Марковна как могла успокаивала боярыню:
– Уехали на карбасе в дальний угол озёрный. Там у казака-рыбалки грыжа-кила вывернулась с надсаду, вот и поехал править, он умеет. Да ты, Евдокия Кирилловна, погодь реветь-то, утресь вернется, и всё ладом станет.
– Боязно мне долго ждать-то, – всхлипывала боярыня. – Побреду к Арефе-знахарю.
И унесли мальчонку, осерчав на протопопа, а утром заявился Аввакум с плетёнкой, полной рыбы. Как узнал про знахаря, расходился, раздосадованный верой боярыни в чародейство бесовское:
– К вещбе колдовской понесло! – стоя над плетёнкой, всплескивал ручищами протопоп. – Ночь не перемоглась и уж к шептуну бесовскому переметнулась, а всякое волхование отречено от Бога, яко оно есть бесовское служение. Я-то небось знаю, что нудит ребятёночка, а тот набормочет, да опоит ведьмячими кореньями! Знаю-су их.
– Сходил бы теперь же, – попросила Марковна. – А то веть беда, Господи!
Заупрямился уязвлённый протопоп:
– Но уж. Коли баба лиха, так живи своим цыплячьим умом, прости её, Господи, худоверную.

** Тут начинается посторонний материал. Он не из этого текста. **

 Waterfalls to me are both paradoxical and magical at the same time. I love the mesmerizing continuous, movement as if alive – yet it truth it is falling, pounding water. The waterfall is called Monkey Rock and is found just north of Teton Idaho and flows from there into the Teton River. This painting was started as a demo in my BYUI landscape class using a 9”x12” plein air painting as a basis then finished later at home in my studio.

Жаль, ребятёнка губит.
Через сутки вновь пришла Софьюшка, оповестила, что как ни ладил мальчонку Арефа, а ему всё хуже.
– Да как и полегчает-то? – грубо высказал ей протопоп. – Мамка бесам на руки сама кинула ребятёнка, от Божьей заступы отворотилась. Вот и пущай надеется на Арефу-знахаря.
На ночь наведался дождь, лил крупно, не переставая, промокла крыша зимовья, густо закапало с потолка. Одежонки сухой уж ни на ком не было, спрятались дети с Марковной в широкую, осадистую печь, а Аввакум залёг на лежанку, укрылся сшитой из полос берестой.
По времени рано, до заутрени, слез с печи Аввакум, нашарил впотьмах епитрахиль, надел её на шею под обветшавшую вконец ризу, взял священного маслица – чуток его булькало на донышке пузырька – взял водицу святую в штофце зелёного стекла и тихо, чтоб не тревожить семью, вышел из зимовья.
Дождь как лил всю ночь, так и лил, притуманив прохладным парком избёшки и острожные стены с башнями. Надвинул на голову поплотнее колпак, осенился крестом и похлюпал по лужам к воеводской хоромине, ступил на крыльцо, а тут и выскочили в сени со свечами в руках, будто всю ночь караулили его приход, Марья с Софьей. Кланяясь – руки к груди – пятились перед ним в сенях, а там, оттянув дверь, пропустили в хоромину. Аввакум вошел, отряхнулся от дождя у порога, снял колпак, пошоркал обутыми в кожаные чирки ногами о плетёный коврик и тут из спальни выскочила опухшая от слез и бессонных ночей сноха воеводы – Евдокия Кирилловна, и упала протопопу в ноги.
– Батюшко, прости, – зашелестела бледными губами. – Покаяния моего ради прости, я от горя с ума спятясь, не ведала, что творю!
Следя мокром по выскобленному добела полу, с рассыпанными по плечам сильно поседевшими космами, Аввакум прошел в спальню и увидел тельце Симеонкино на кровати в свете поставка и свечей. Мальчонка углядел протопопа и, опираясь на локотки, приподнял голову, улыбнулся и что-то прошепелявил, весь устремясь к знакомому белому дяденьке, однако силёнок не хватило выпружинивать тельце, и он надломленно уронил головёнку на цветастый подголовник.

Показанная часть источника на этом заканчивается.